DRAFT: Add project ingestion to the DB to the project sync cron job

.github/workflows/deploy.yml

@@ -44,9 +44,6 @@ jobs:
         env:
           ECR_REPO: ${{ secrets.ECR_REPOSITORY }}
           INSTANCE_ID: ${{ secrets.EC2_INSTANCE_ID }}
-          PROJECTS_REPO_BRANCH: ${{ vars.PROJECTS_REPO_BRANCH }}
-          PROJECTS_GIT_SSH_KEY_PATH: ${{ vars.PROJECTS_GIT_SSH_KEY_PATH }}
-          PROJECTS_GIT_KNOWN_HOSTS_PATH: ${{ vars.PROJECTS_GIT_KNOWN_HOSTS_PATH }}
         run: |
           set -euo pipefail
 
@@ -57,10 +54,10 @@ jobs:
 
           PROJECTS_DIR="/opt/vertex-projects"
           PROJECTS_REPO_URL="git@github.com:ISARICResearch/VERTEX-projects.git"
-          PROJECTS_REPO_BRANCH="${PROJECTS_REPO_BRANCH:-main}"
+          PROJECTS_REPO_BRANCH="main"
           SYNC_SCRIPT_PATH="/usr/local/bin/vertex-sync-projects.sh"
-          PROJECTS_GIT_SSH_KEY_PATH="${PROJECTS_GIT_SSH_KEY_PATH:-/root/.ssh/vertex_projects_deploy_key}"
-          PROJECTS_GIT_KNOWN_HOSTS_PATH="${PROJECTS_GIT_KNOWN_HOSTS_PATH:-/root/.ssh/known_hosts}"
+          PROJECTS_GIT_SSH_KEY_PATH="/root/.ssh/vertex_projects_deploy_key"

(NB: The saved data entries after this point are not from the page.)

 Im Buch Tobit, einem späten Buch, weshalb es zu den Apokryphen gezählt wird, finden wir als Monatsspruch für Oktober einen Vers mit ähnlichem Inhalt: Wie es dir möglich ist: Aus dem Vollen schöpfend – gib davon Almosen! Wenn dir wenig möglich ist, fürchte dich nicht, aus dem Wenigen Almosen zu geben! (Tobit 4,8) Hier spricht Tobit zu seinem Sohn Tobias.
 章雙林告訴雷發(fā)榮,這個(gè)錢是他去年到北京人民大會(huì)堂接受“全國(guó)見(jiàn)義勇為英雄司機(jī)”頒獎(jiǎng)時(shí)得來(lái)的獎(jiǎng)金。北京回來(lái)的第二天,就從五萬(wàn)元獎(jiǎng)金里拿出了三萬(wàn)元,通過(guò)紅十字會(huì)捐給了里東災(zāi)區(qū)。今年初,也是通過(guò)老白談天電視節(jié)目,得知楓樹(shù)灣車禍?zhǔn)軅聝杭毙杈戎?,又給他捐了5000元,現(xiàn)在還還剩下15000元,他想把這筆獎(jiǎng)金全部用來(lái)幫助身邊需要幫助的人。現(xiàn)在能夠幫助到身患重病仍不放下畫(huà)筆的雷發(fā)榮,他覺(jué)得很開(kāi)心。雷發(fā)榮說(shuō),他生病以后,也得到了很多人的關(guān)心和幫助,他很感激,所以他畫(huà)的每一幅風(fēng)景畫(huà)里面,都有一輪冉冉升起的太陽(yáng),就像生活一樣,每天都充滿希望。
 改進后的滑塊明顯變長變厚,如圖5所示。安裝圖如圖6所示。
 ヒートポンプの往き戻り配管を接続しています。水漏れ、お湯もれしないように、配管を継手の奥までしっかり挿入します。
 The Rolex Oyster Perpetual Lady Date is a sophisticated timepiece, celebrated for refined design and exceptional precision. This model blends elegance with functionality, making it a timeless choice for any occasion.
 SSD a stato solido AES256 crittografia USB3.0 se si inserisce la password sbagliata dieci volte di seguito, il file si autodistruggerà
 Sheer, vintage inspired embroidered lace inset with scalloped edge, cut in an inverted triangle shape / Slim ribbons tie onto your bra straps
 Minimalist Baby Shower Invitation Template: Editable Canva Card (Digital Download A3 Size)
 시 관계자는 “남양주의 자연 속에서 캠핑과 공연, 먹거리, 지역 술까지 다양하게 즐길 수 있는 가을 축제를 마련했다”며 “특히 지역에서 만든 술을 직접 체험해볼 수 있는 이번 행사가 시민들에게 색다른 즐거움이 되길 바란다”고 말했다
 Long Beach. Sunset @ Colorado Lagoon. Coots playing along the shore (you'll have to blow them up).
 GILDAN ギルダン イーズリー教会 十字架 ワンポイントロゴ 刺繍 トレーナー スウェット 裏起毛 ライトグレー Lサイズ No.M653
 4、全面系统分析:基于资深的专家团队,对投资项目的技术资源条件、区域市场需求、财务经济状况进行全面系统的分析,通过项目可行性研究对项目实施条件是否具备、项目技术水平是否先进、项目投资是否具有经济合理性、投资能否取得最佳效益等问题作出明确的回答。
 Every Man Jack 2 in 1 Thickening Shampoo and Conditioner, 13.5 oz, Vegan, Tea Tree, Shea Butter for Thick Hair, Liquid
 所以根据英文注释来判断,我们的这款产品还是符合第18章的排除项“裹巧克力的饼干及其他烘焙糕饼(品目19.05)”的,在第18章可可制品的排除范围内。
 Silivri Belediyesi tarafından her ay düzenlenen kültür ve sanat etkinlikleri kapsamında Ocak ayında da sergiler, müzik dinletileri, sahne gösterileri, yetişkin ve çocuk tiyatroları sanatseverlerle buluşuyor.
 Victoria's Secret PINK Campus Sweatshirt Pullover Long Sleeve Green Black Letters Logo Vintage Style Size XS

+          PROJECTS_GIT_KNOWN_HOSTS_PATH="/root/.ssh/known_hosts"
 
           # 1) write the indented heredoc to a temp file (variables expanded on runner)
           cat > /tmp/ssm-script.indented <<INDENTED
@@ -94,10 +91,12 @@ jobs:
               #!/bin/bash
               set -euo pipefail
               PROJECTS_DIR="${VERTEX_PROJECTS_DIR:-/opt/vertex-projects}"
-              PROJECTS_REPO_URL="git@github.com:ISARICResearch/VERTEX-projects.git"
+              PROJECTS_REPO_URL="${PROJECTS_REPO_URL:-git@github.com:ISARICResearch/VERTEX-projects.git}"
               PROJECTS_REPO_BRANCH="${PROJECTS_REPO_BRANCH:-main}"
               PROJECTS_GIT_SSH_KEY_PATH="${PROJECTS_GIT_SSH_KEY_PATH:-/root/.ssh/vertex_projects_deploy_key}"
               PROJECTS_GIT_KNOWN_HOSTS_PATH="${PROJECTS_GIT_KNOWN_HOSTS_PATH:-/root/.ssh/known_hosts}"
+              start_ts="$(date -u --iso-8601=seconds)"
+              echo "[${start_ts}] Sync started: repo=${PROJECTS_REPO_URL} branch=${PROJECTS_REPO_BRANCH} dir=${PROJECTS_DIR}"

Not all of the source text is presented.